Brisio Innovations to Acquire NameSilo, LLC, Plans to List as a Separate Public Company

Vancouver, British Columbia–(Newsfile Corp. – March 7, 2018) – Brisio Innovations Inc. (CSE: BZI) (OTC Pink: NTCEF) (the “Company“) is pleased to announce that it has signed a definitive share purchase agreement (the “Definitive Agreement”) with NameSilo, LLC (“NameSilo”) whereby the Company has agreed to acquire all of the issued and outstanding securities of NameSilo (the “Transaction”).

With a priority of no interruption to existing customers or NameSilo’s growth trajectory, the Transaction will not impact the existing operations of NameSilo and the founders, who are also the owner/operators of NameSilo and who will continue in their current roles and continue operating the business. Further, there are no planned changes to the system infrastructure or operational policies of the business.

NameSilo is a low-cost provider of domain name registration and management services, and is an ICANN-accredited registrar. NameSilo is a high growth registrar with nearly 1.5 million domains under management, and over 85,000 customers from approximately 160 countries. According to RegistrarOwl.com, which provides domain registrar industry statistics from ICANN, NameSilo is the 6th-fastest growing registrar in the world based on percentage growth of new registrations, and 6th-fastest growing registrar in the world when based on net new registrations, behind household names such as Google, GoDaddy and Alibaba.

“We are excited to enter this new phase of the NameSilo journey,” said Michael Goldfarb, founder and Managing Member of NameSilo. “We couldn’t be happier to find a partner with a track record of success like Brisio, and we look forward to working with them to build upon the success of NameSilo. Our customers and partners will continue to receive the same excellent service they are accustomed to and they will enjoy the benefits of access to additional resources that will be made available.”

NameSilo recorded approximately US$11.1 million in annual recurring billings in 2017 up from US$6.9 million in 2016. It has grown its domain names under management from approximately 745,000 domains at the beginning of 2017 to over 1.35 million today, a growth rate of over 65% versus industry averages of approximately 7%. Additionally, NameSilo maintains a customer retention rate of approximately 87%.

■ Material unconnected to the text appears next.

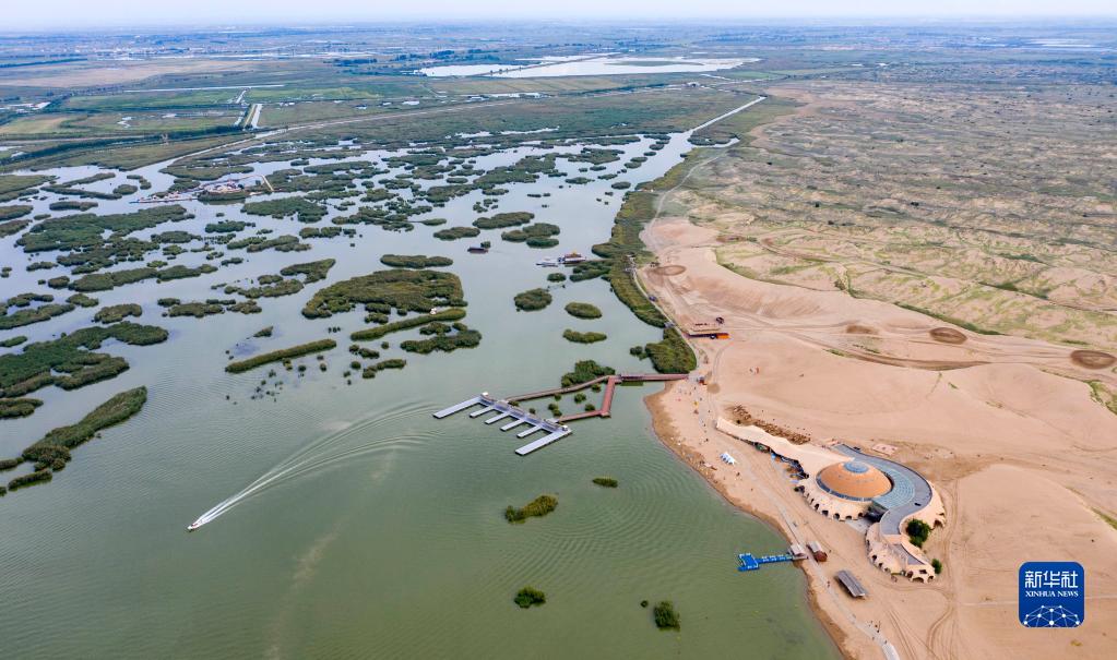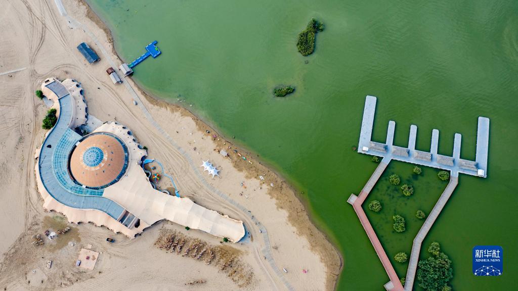 這是8月28日拍攝的寧夏沙湖景區(qū)(無人機照片)。

Under the terms of the Definitive Agreement, the Company will acquire all of the securities of NameSilo and, in consideration of which, the Company will pay a total of US$9,511,500 (the “Purchase Price”) to the members of NameSilo (the “NameSilo Members”). The closing of the Transaction is anticipated to be July 2, 2018.

Further, NameSilo Members will be entitled to certain earnout payments provided that the business achieves a specified EBITDA. All earnout payments will be made no later than August 15, 2018 and will be payable in cash and shares.

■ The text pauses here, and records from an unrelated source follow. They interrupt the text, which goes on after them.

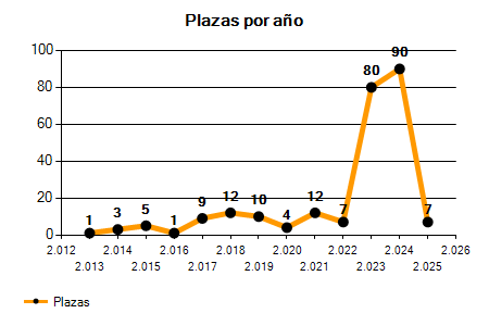 En los siguientes gráficos se puede ver la evolución del número de convocatorias y plazas convocadas para la profesión de Pintor de los últimos años pudiéndose observar un crecimiento del 500,00% desde el año 2013 hasta el 2025 en número de convocatorias y un crecimiento del 600,00% en número de plazas convocadas.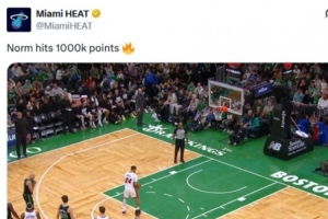 比賽進(jìn)行到第二節(jié),鮑威爾通過(guò)罰球得到熱火生涯第1000分,熱火官方推特隨后發(fā)文祝賀,卻不慎鬧出烏龍——將“1000分”誤寫(xiě)成了“100萬(wàn)分”??。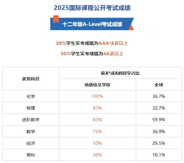 在2025年的IGCSE与A Level考试中,各年级整体表现尤为卓越,成绩明显高于全球平均水平。 其中一名学生于数学科考试中取得满分,荣获全球最高分,并获颁「剑桥卓越学子奖」之「世界顶尖奖」。

After completion of the Transaction, the Company intends to spin-out NameSilo as a separately listed entity on a Canadian stock exchange. The board of directors of the Company will provide further details on the proposed spin-out on closing of the Transaction.

CEO Paul Andreola states, “We are extremely pleased to have found a world class company that meets our criteria of high growth, profitability, high customer retention and customer satisfaction. We look forward to working with the NameSilo team to continue to build the brand and provide their customers outstanding value and service and to meet their ongoing needs.”

The Transaction is subject to customary conditions contained in the Definitive Agreement as well as approval of the stock exchange, and the Company completing sufficient financing to satisfy the Purchase Price. If the Company is unable to close the transaction, the Company will be required to pay a break fee to NameSilo.